DIRECTIONS
Leave out the pictures and output exactly the lines below from the one with "KB:S SKILLINGTRYCKSRBG. ////" down to the one with "O Esporte Clube", both of them included.
::: EXERCISE INPUTS
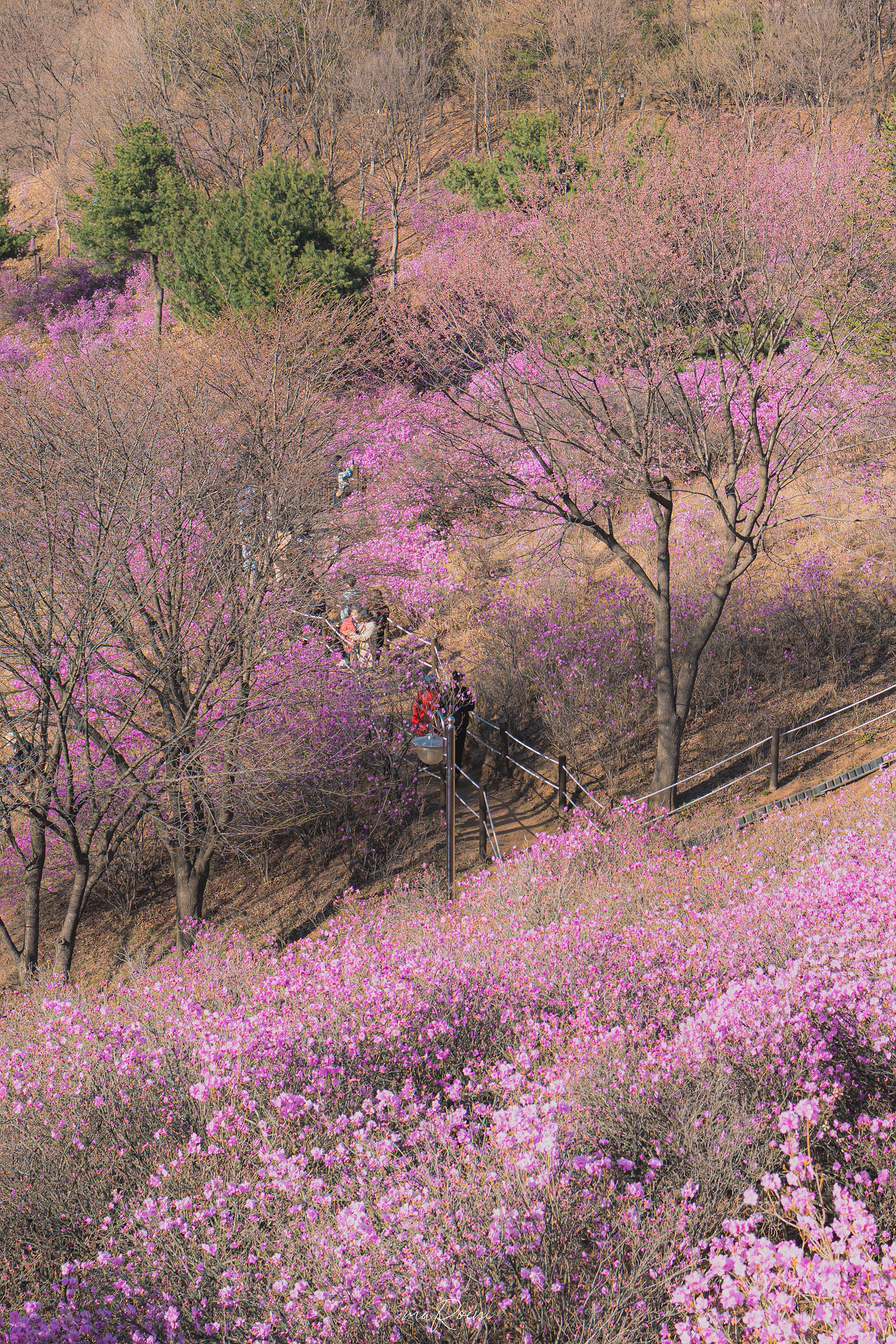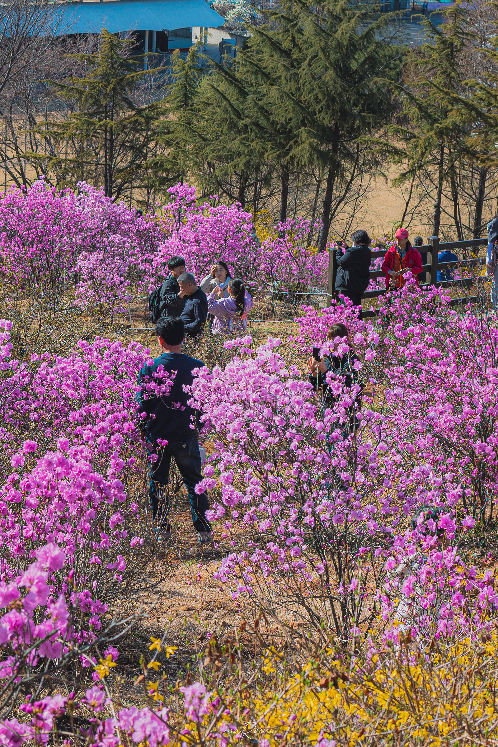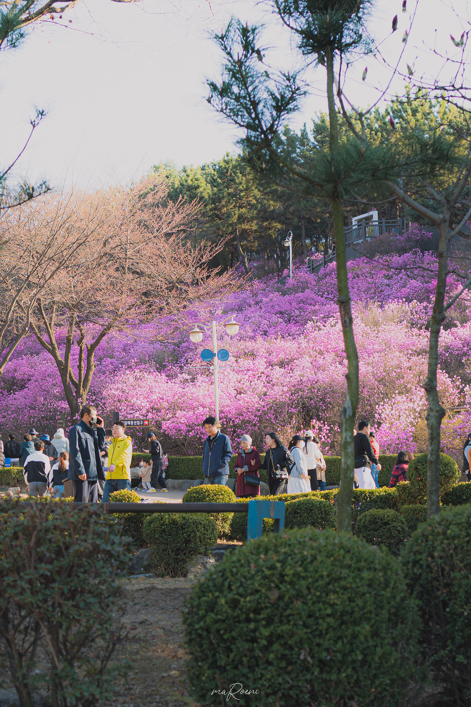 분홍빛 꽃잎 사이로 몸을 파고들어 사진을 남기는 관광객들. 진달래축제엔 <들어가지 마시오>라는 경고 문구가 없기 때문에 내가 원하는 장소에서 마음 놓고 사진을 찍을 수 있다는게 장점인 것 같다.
::::::
::: EXERCISE INPUTS
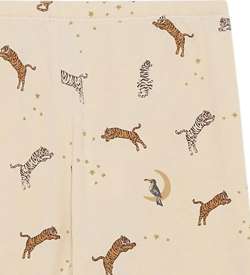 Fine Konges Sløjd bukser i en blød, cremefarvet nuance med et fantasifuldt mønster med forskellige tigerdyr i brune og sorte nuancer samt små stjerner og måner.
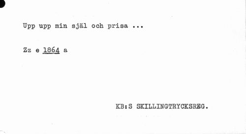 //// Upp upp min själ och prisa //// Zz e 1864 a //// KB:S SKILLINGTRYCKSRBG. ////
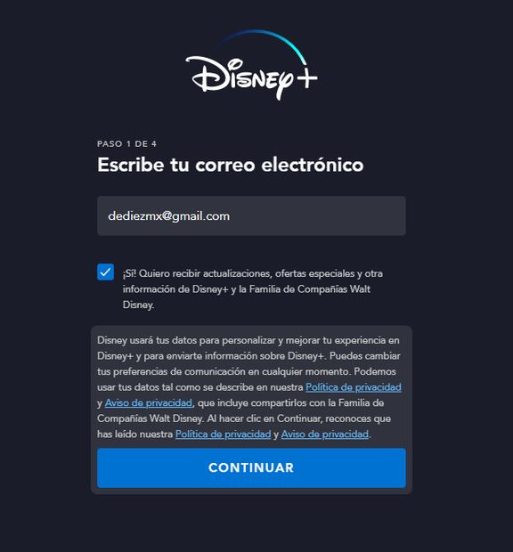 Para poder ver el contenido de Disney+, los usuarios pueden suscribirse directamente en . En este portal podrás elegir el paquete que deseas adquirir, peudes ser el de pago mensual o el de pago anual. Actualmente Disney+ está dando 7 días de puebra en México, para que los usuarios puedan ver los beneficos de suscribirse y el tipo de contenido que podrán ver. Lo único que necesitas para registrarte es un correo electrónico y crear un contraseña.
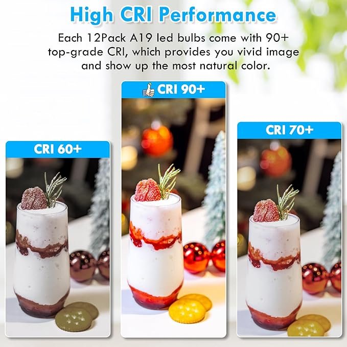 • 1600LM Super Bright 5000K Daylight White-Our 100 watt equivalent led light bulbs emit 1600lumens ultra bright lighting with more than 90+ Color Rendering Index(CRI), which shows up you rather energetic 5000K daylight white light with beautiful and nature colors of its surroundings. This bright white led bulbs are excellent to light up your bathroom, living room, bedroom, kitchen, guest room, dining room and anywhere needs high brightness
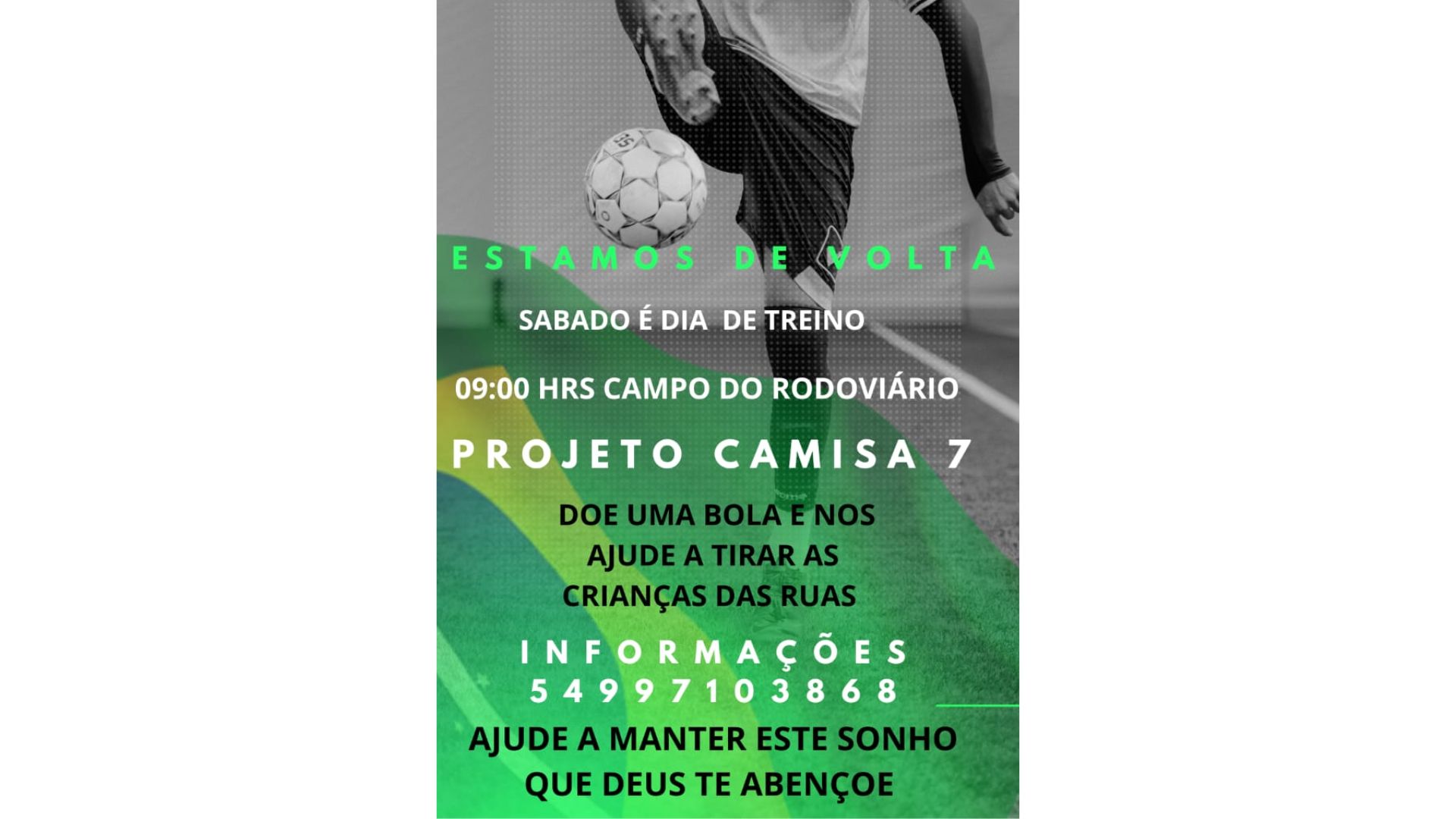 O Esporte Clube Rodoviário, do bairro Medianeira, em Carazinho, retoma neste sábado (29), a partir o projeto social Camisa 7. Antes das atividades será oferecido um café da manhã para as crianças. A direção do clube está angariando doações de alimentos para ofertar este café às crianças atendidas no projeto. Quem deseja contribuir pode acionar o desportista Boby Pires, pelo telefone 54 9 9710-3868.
::::::
::: EXERCISE INPUTS
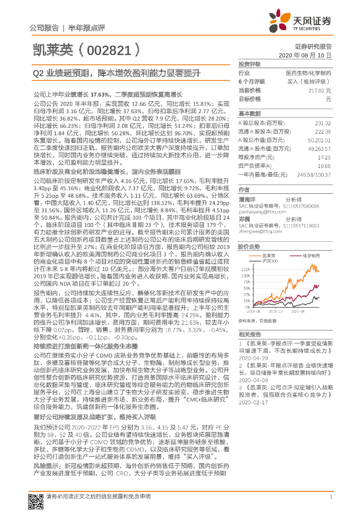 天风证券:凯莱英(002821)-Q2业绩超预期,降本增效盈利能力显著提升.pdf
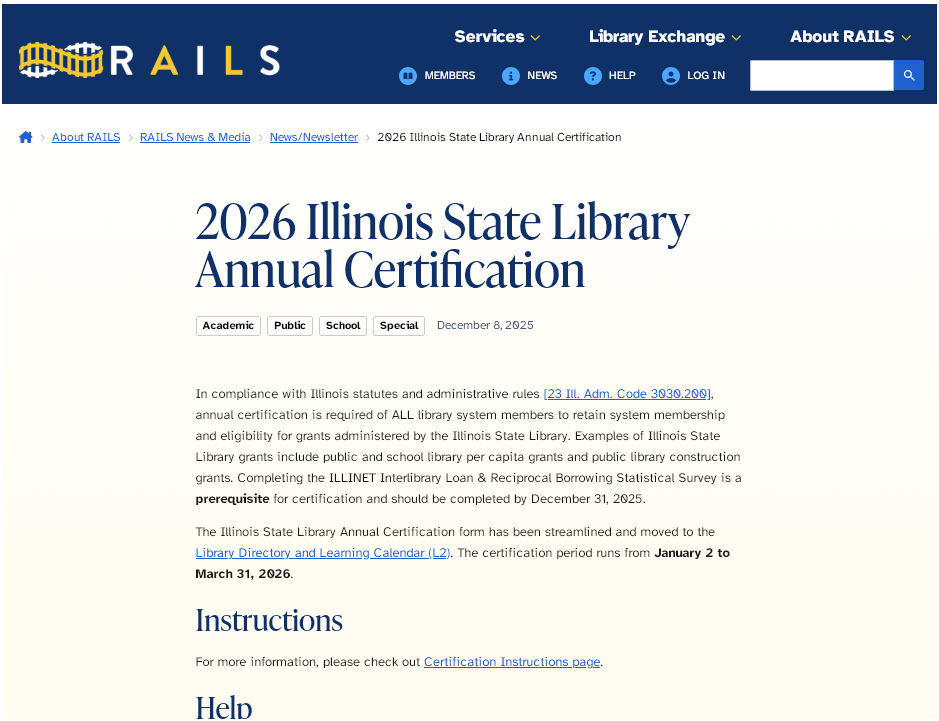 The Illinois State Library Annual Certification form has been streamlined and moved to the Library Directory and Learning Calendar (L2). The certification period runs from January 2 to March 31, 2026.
::::::
RESPONSE BELOW
 //// Upp upp min själ och prisa //// Zz e 1864 a //// KB:S SKILLINGTRYCKSRBG. ////
 Para poder ver el contenido de Disney+, los usuarios pueden suscribirse directamente en . En este portal podrás elegir el paquete que deseas adquirir, peudes ser el de pago mensual o el de pago anual. Actualmente Disney+ está dando 7 días de puebra en México, para que los usuarios puedan ver los beneficos de suscribirse y el tipo de contenido que podrán ver. Lo único que necesitas para registrarte es un correo electrónico y crear un contraseña.
 • 1600LM Super Bright 5000K Daylight White-Our 100 watt equivalent led light bulbs emit 1600lumens ultra bright lighting with more than 90+ Color Rendering Index(CRI), which shows up you rather energetic 5000K daylight white light with beautiful and nature colors of its surroundings. This bright white led bulbs are excellent to light up your bathroom, living room, bedroom, kitchen, guest room, dining room and anywhere needs high brightness
 O Esporte Clube Rodoviário, do bairro Medianeira, em Carazinho, retoma neste sábado (29), a partir o projeto social Camisa 7. Antes das atividades será oferecido um café da manhã para as crianças. A direção do clube está angariando doações de alimentos para ofertar este café às crianças atendidas no projeto. Quem deseja contribuir pode acionar o desportista Boby Pires, pelo telefone 54 9 9710-3868.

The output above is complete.